Moving charges in magnetic field — force, circular motion, helical path

Question

A proton enters a uniform magnetic field $B = 0.5$ T with velocity $v = 10^6$ m/s at an angle of $30°$ to the field. Find the radius of the circular component and the pitch of the helical path. ( $m_p = 1.67 \times 10^{-27}$ kg, $q = 1.6 \times 10^{-19}$ C)

(JEE Main 2024 pattern)

Solution — Step by Step

When the velocity is at angle $\theta$ to $\vec{B}$ :

$v_\perp = v\sin\theta = 10^6 \times \sin 30° = 5 \times 10^5$ m/s (creates circular motion)
$v_\parallel = v\cos\theta = 10^6 \times \cos 30° = 5\sqrt{3} \times 10^5$ m/s (unchanged, moves along field)

The parallel component is unaffected by the magnetic force ( $\vec{F} = q\vec{v} \times \vec{B}$ is zero when $\vec{v} \parallel \vec{B}$ ).

The perpendicular component creates circular motion.
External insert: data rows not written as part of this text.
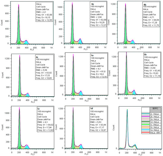 Flow cytometry histograms showing the influence of compounds 4a–c, 5a–d on the cellular cycle of HeLa and HaCaT cells. Y axis—intensity of fluorescence; X axis—the relative number of cells (15,000 events were investigated).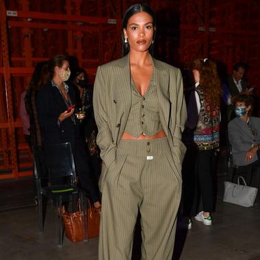 Tina Kunakey au défilé Etr, dans un tailleur pantalon kaki. (Milan, le 23 septembre 2021.)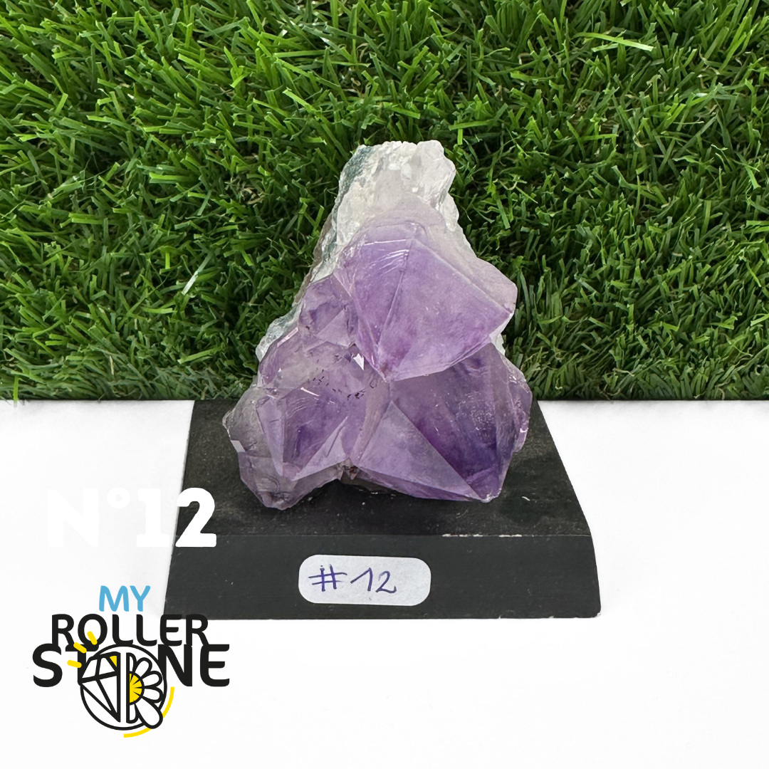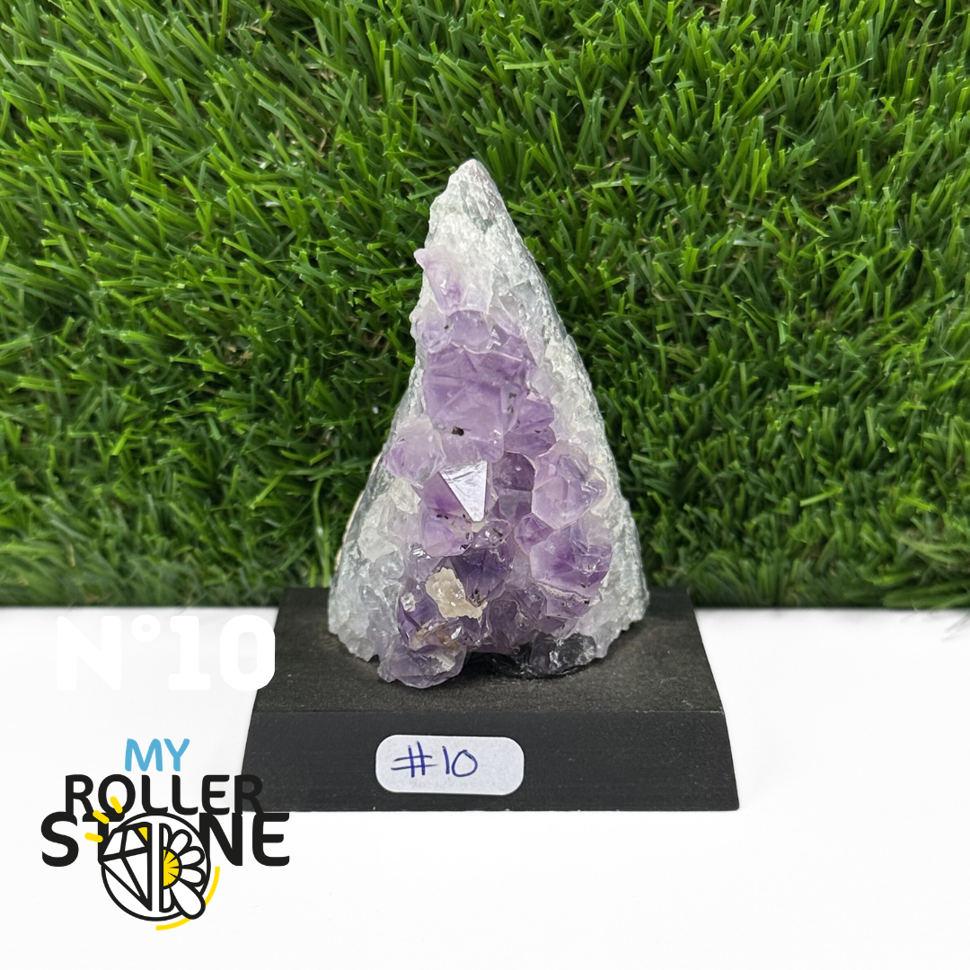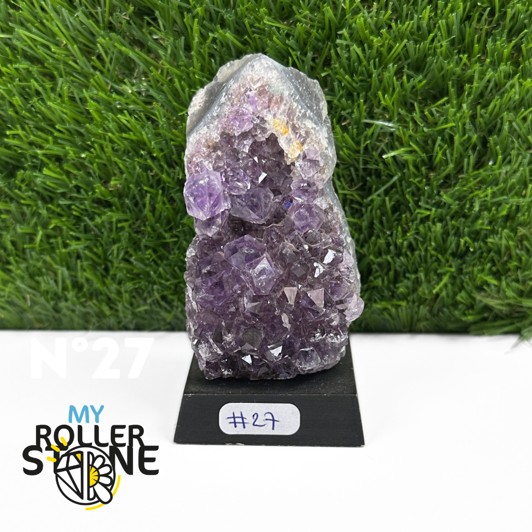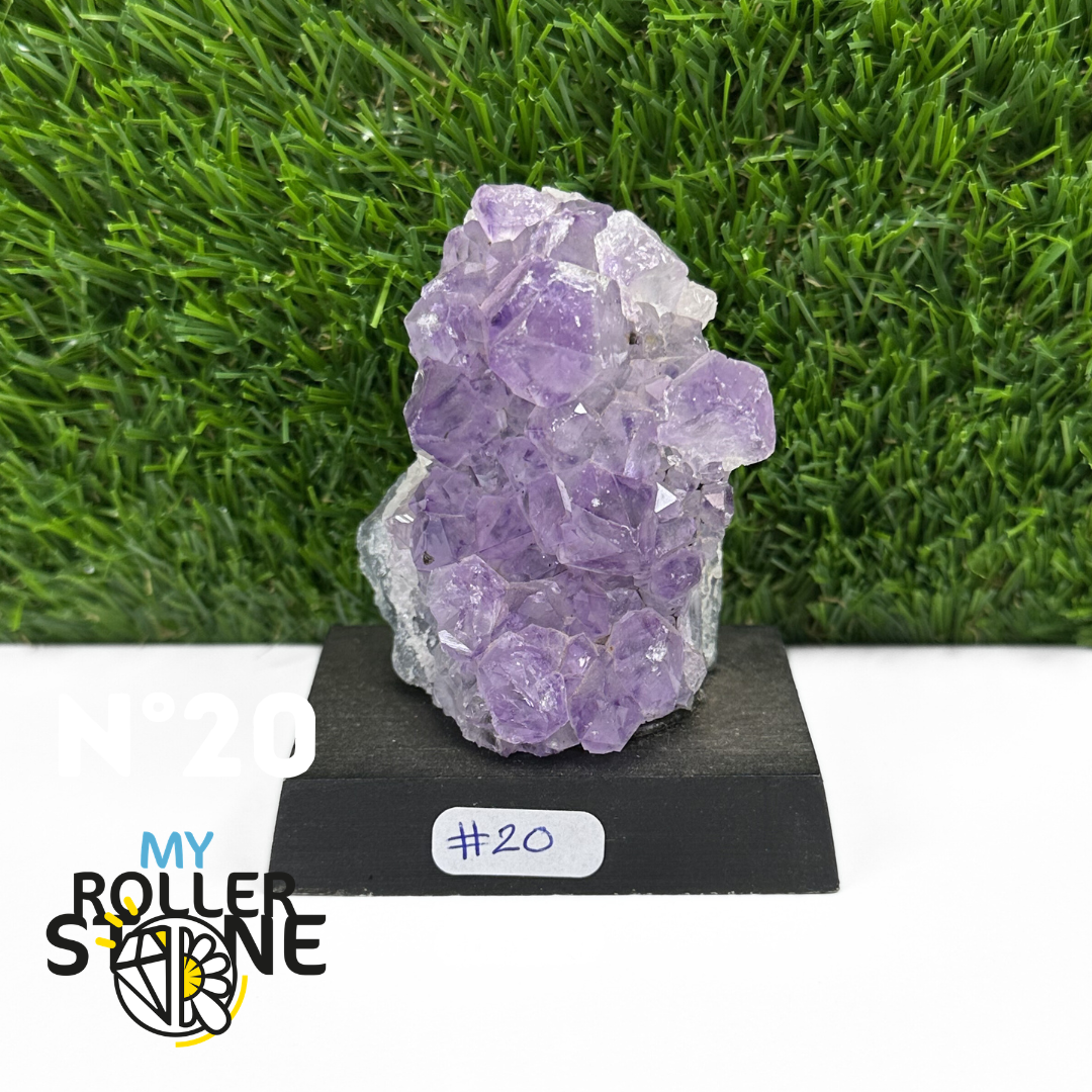 Originaire du Brésil, région mondialement reconnue pour la qualité exceptionnelle de ses gisements d’Améthyste, cette pierre naturelle révèle des cristaux lumineux et une teinte violette pure. Chaque pièce est façonnée et positionnée avec soin sur un présentoir en bois noir mat qui met en valeur ses reflets et sa profondeur.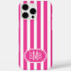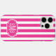 Hot Pink and White Monogrammed Stripes Case-Mate iPhone Case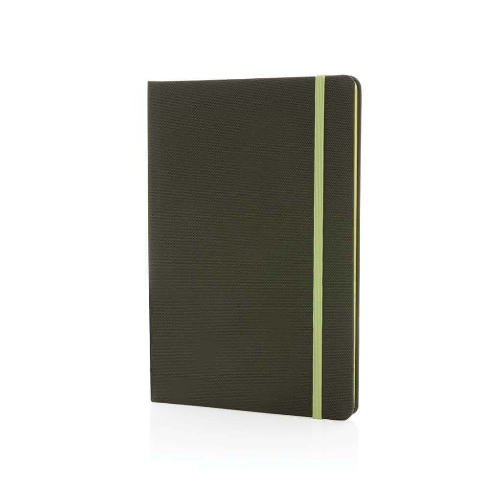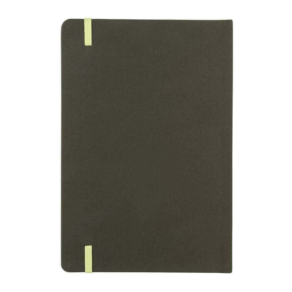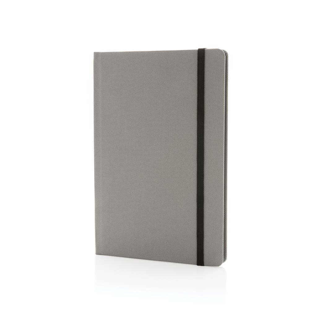 Poznámkový blok formátu A5 vyrobený z GRS recyklovaných materiálů. GRS (Global Recycle Standard) je globální standard, který umožňuje ověřit použití recyklovaného materiálu v produktu napříč celým dodavatelským řetězcem. Celkový podíl recyklátu dle váhy produktu: 68 %. Obsahuje 80 listů/160 stran linkovaného papíru o gramáži 70g/m2.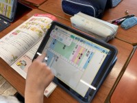 風やゴムのはたらきについて学んでいます。その一環として、組み立てた車で、ゴムの力やプロペラの動きなどを何度も確かめていました。実際にやってみることは何よりの学びですね。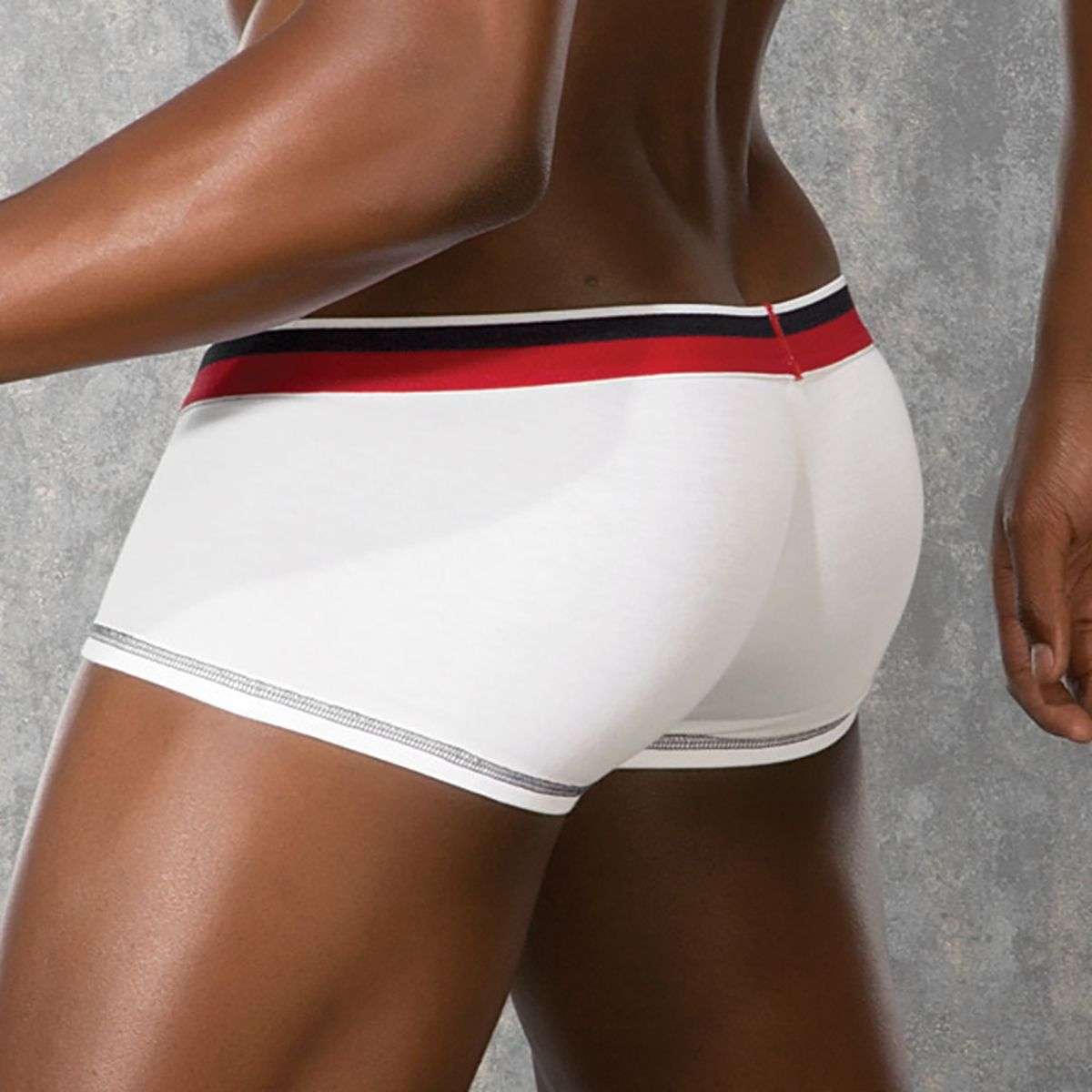 Боксеры на низкой посадке из хлопково-модальной ткани. Резинка украшена красной и синей полоской. Укороченная длина и комфортная гладкая ткань идеально подходят для повседневного использования.

Equating magnetic force to centripetal force:

qv_\perp B = \frac{mv_\perp^2}{r}

r = \frac{mv_\perp}{qB} = \frac{1.67 \times 10^{-27} \times 5 \times 10^5}{1.6 \times 10^{-19} \times 0.5} = \mathbf{0.0104 \text{ m} \approx 1.04 \text{ cm}}

Time period of circular motion (independent of speed):

T = \frac{2\pi m}{qB} = \frac{2\pi \times 1.67 \times 10^{-27}}{1.6 \times 10^{-19} \times 0.5} = 1.31 \times 10^{-7} \text{ s}

Pitch = distance moved along the field in one revolution:

p = v_\parallel \times T = 5\sqrt{3} \times 10^5 \times 1.31 \times 10^{-7} \approx \mathbf{0.113 \text{ m}}

Why This Works

The magnetic force is always perpendicular to velocity — it changes direction but not speed. The key insight is the angle between $\vec{v}$ and $\vec{B}$ :

graph TD
    A["Charge enters B field"] --> B{"Angle between v and B?"}
    B -->|"θ = 0° (parallel)"| C["No force<br/>Straight line path"]
    B -->|"θ = 90° (perpendicular)"| D["Circular path<br/>r = mv/qB"]
    B -->|"0° < θ < 90°"| E["Helical path"]
    E --> F["Circular component: v⊥ = v sinθ"]
    E --> G["Linear component: v∥ = v cosθ"]
    F --> H["Radius = mv⊥/qB"]
    G --> I["Pitch = v∥ × T"]
    D --> J["Time period T = 2πm/qB<br/>(independent of v!)"]

Alternative Method — Using the Lorentz Force Directly

Write $\vec{F} = q(\vec{v} \times \vec{B})$ in component form. If $\vec{B} = B\hat{z}$ and $\vec{v} = v_x\hat{x} + v_z\hat{z}$ , then $\vec{F} = qv_x B\hat{y}$ — force only in the plane perpendicular to $B$ . This confirms circular motion in the xy-plane while $v_z$ stays constant.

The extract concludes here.